Hi, On Fri 04-02-11 14:12:12, Richard Ems wrote:
I was trying to check if updating to 2.6.37 on our openSUSE 11.3 nodes would bring any performance changes for our application (HPC CFD programs) and was surprised to see a big performance decrease on my test runs. Trying to follow this problem down I came to the following perl test line to show the differences.
If I run the following perl line on the same hardware on openSUSE 11.3, with 2.6.34.7-0.5-default and with 2.6.37-6-default (from http://download.opensuse.org/repositories/Kernel:/stable/openSUSE_11.3/x86_6... ) I get VERY different results:
On 2.6.34 it runs in about 10 secs. On 2.6.37 it takes at least 17 secs to run.

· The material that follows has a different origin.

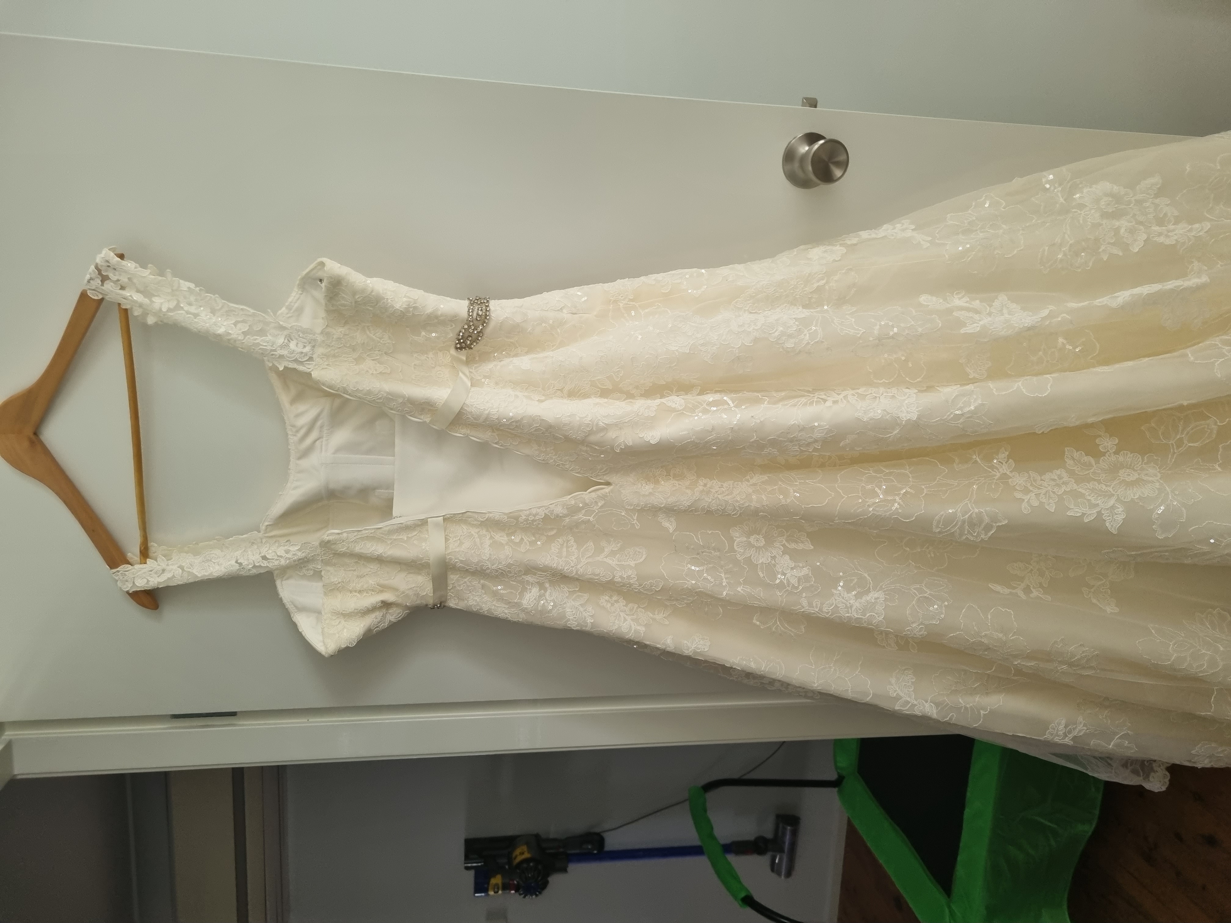 For sale is a beautiful Ivory wedding dress which was bought in 2017 and is a size 20. It has had alterations for the backing of the dress as well as two lace straps and diamonte belt. Comes with a free veil. RRP was $3000, selling for $1,500 ONO. Will require a ribbon for the back as ribbon has been misplaced. Was also dry cleaned, but has slight mudstains at the bottom of dress (barely visible). Such a beautiful dress that deserves a second life! Grab a bargain!

Could someone else test this on another hardware? I've run your script on my testing machine and I can see a difference as well (I've compared 2.6.34 with 2.6.36 kernel). I have dual quad-core AMD Opteron at 1 GHz with 4 GB of ram. The difference isn't that big as for you but still noticeable - about 20% on average I'd say.
Please run a couple of times with 2.6.34 and then with 2.6.37. Do others also see this big differences?
The system I am testing on is a dual Xeon X5650 @ 2.67 GHz (12 cores) with 24 GB memory. Please set $T to your number of cores. Perhaps you would also have to reduce the (1..9e6) if you have less than 2GB per core.
time perl -e 'use threads; $T=12 ; foreach (1..$T) { $thr[$i++] = threads->create(sub { printf "I am thread %s\n", threads->tid(); foreach (1..9e6) { push(@a, sqrt(1234)/sin(1234)) } ; printf "thread %s finished.\n", threads->tid(); }); } foreach (0..$T-1) { $thr[$_]->join(); }'
Does anyone have an idea why this could be happening? For such a simple test case I'd say that it's a difference in scheduling or some system call used implicitely by perl. What seems a bit strange though is that after all threads report they are finished, it still takes a noticeable time for parent thread to exit. From a quick strace I see a storm of madvise() calls when the thread exists so maybe this is the culprit? If yes, I'd try to oprofile the test on both kernels and compare results.
Umm, btw, I've just tried your test with just a single thread and it's
still slower on 2.6.36 than on 2.6.34 so indeed this seems like a
regression in some of the system calls.
Honza
--
Jan Kara